Ejiro Ajueyitsi Empowers Black Wealth Building Through Real Estate With The Brooklyn Funding Group

Ejiro Ajueyitsi is helping minorities build wealth with the Brooklyn Funding Group, the only Black brokerage for private financing in the United States.

Ejiro Ajueyitsi Empowers Black Wealth Building Through Real Estate With The Brooklyn Funding Group

Brooklyn born and raised Ejiro Ajueyitsi says he’s has always been driven to help the Black community. Initially, he planned for a medical career, but the 2008 recession led him in a completely different but still  worthwhile direction.

Today, Ajueyitsi owns the only Black brokerage for private lending in the U.S.—the Brooklyn Funding Group. Unlike a traditional bank, which requires tax returns, income verification, and W-2s when applying for a mortgage loan that takes between 45 and 60 days for approval, the Brooklyn Funding Group approves loans within days for fix-and-flip projects, new construction projects, multi-family bridge loans, and rental properties.

“So if somebody needs a 30-year loan and doesn’t want to show their taxes or have it show on their credit report and mess up their debt-to-income ratio, we only take the income of the rentals and if someone wants to build a one-family house or a 100-floor skyscraper we provide capital for that,” Ajueyitsi tells BLACK ENTERPRISE.

Additionally, the Brooklyn Funding Group has given out loans on dilapidated properties, something that Ajueyitsi says banks do in a limited capacity.

Originally a student on the medical school track in the early 2000s, Ajueyitsi took a year off and got into graphic designing making flyers for parties in Brooklyn to make ends meet. Eventually, he began building websites for artists as well as doing post production and music videos.

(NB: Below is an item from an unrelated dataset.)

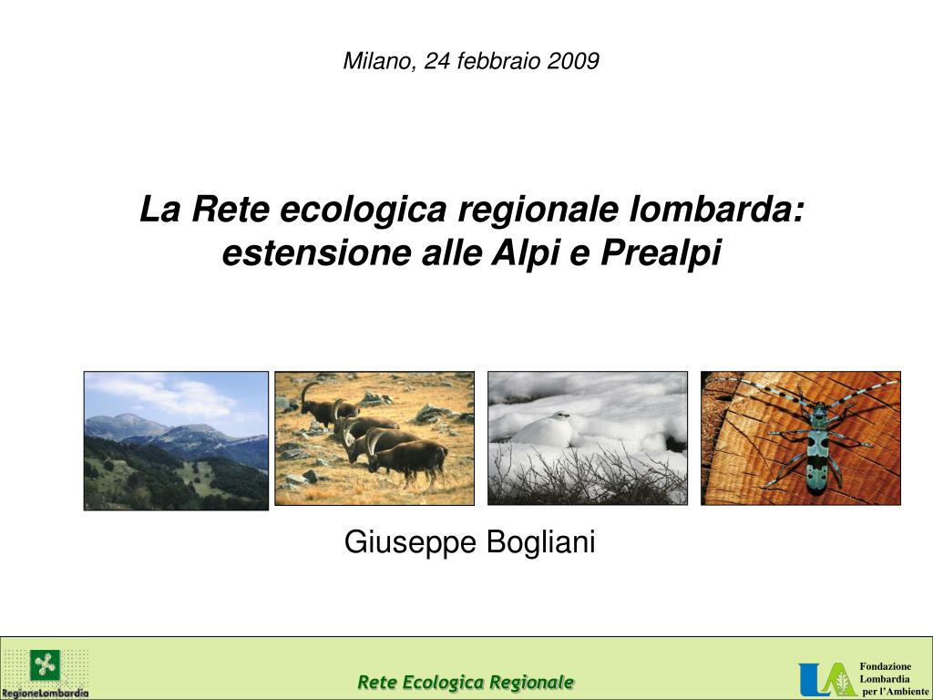 Milano, 24 febbraio 2009 La Rete ecologica regionale lombarda: estensione alle Alpi e Prealpi Giuseppe Bogliani Fondazione Lombardia per l’Ambiente Rete Ecologica Regionale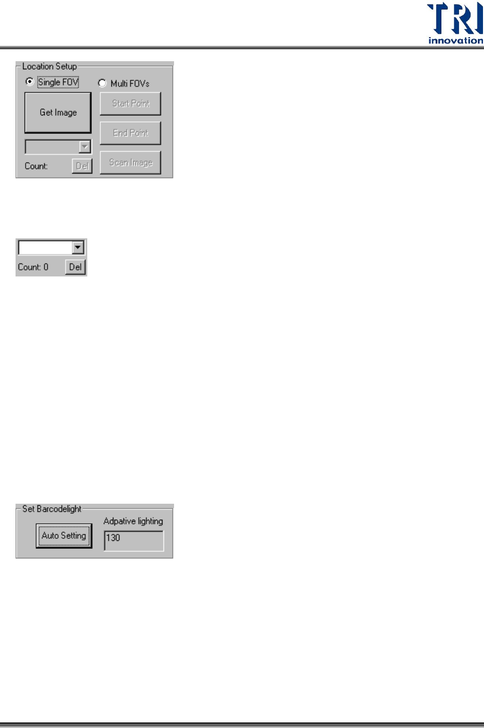 Test Resear ch Inc. 122 TR 7700 S II User Guid e – Softwar e 下拉選取方塊、 [Count] 欄位以及 [Del] 按鈕為特殊功能,一般情況下無作用。 Multi FOV – 當條碼的大小超出一個 FOV 範圍的話,點選 [Multi FOVs] ,先按下 [Start Point] 指定條碼開始位置,以及按下 [End Point] 指定條碼結束位置,接著按下 [Sc…

However, the 2008 housing crisis put an end to his business and Ajueyitsi began consulting for websites and home care agencies before venturing into real estate by helping business owners find new properties.

A decade later, he tried to get a loan from several banks for distressed properties he was interested in, but was denied. However, one of his clients, a Black woman who owned a pharmacy, told him about the world of private lending.

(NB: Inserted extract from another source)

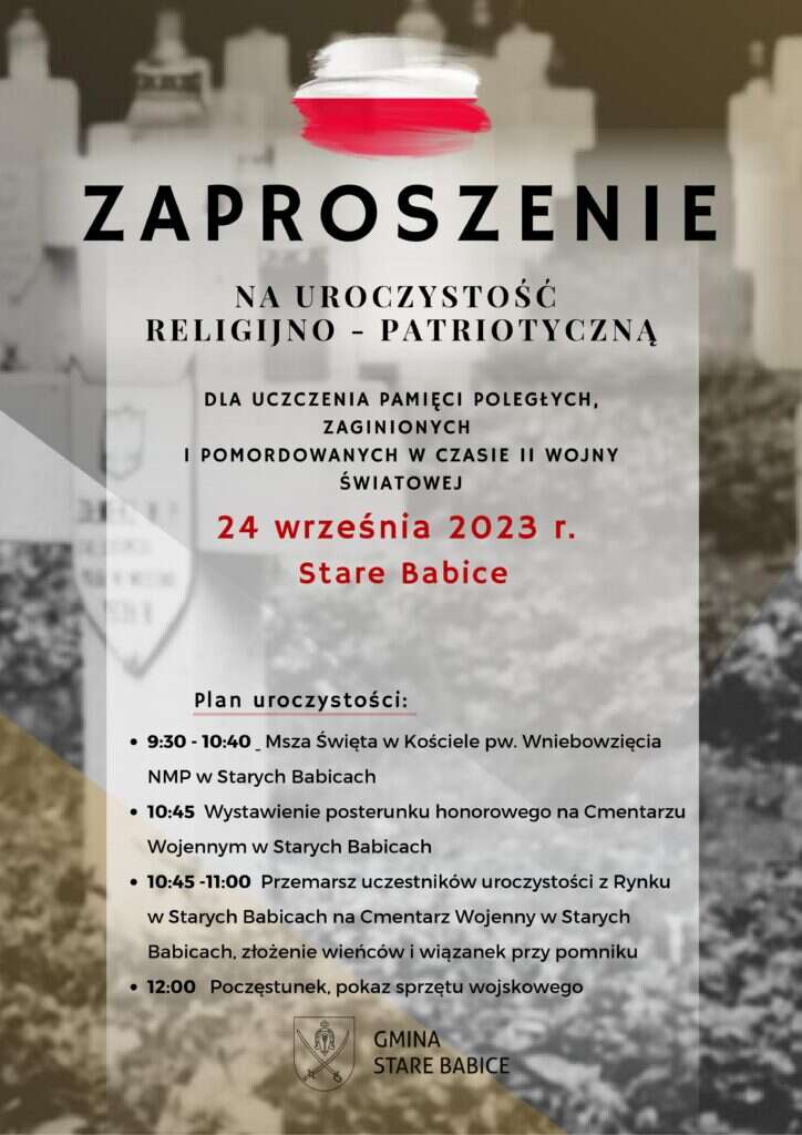 Wójt Gminy Stare Babice serdecznie zaprasza na uroczystość religijno-patriotyczną dla uczczenia pamięci poległych, zaginionych i pomordowanych w czasie II wojny światowej, która odbędzie się 24 września 2023 roku w Starych Babicach.

“She put me in touch with a mortgage broker and right there on the spot he got me pre-approved for a house that I wanted,” Ajueyiti said. “I had about $300,000 and the house was about $500,000.”

After doing several deals on his own, he realized the people who were making these deals weren’t Black, so he began brokering deals himself for people who fixed and flipped houses.

Eventually, Ajueyitsi met with a financial group and was shocked to discover they were already familiar with his previous work. This fateful meeting led to the group giving him access to $20 million to lend for real estate projects.

From this Ajueyitsi created the Brooklyn Funding Group, which last year gave out almost $50 million to people to fund their real estate projects. Ajueyitsi notes that 90% of the people who come to the Brooklyn Funding Group are people of color and as a result, it allowed them to avoid being affected by the downturn in the housing market last year.

“We’ve had people who walk into our office or find out about me and say, ‘I’m coming to you because I know you’re going to listen to me instead of just looking at paperwork and saying you don’t qualify,’” Ajueyitsi tells BE. “And it’s not that they don’t qualify, they just don’t know. I’m willing to listen to them and say I know exactly what you mean and then I find out they are not beginners, they have more experience.”

Ajueyitsi wants to see more Black private lenders that can help close the racial wealth gap. His future plans include teaching free courses on real estate and lending where he will provide capital for new college graduates to become lenders. Additionally, Ajueyitsi wants to start his hedge fund to raise between $200 million and $300 million to be a capital provider for smaller funds and to assist Black and brown developers.

 “I want to be able to do that for others, that’s my goal within the next 18 months,” Ajueyitsi says. “I love the versatility in my journey, I feel like it made me a well-rounded person to speak to many different people, I feel like I can do anything now.”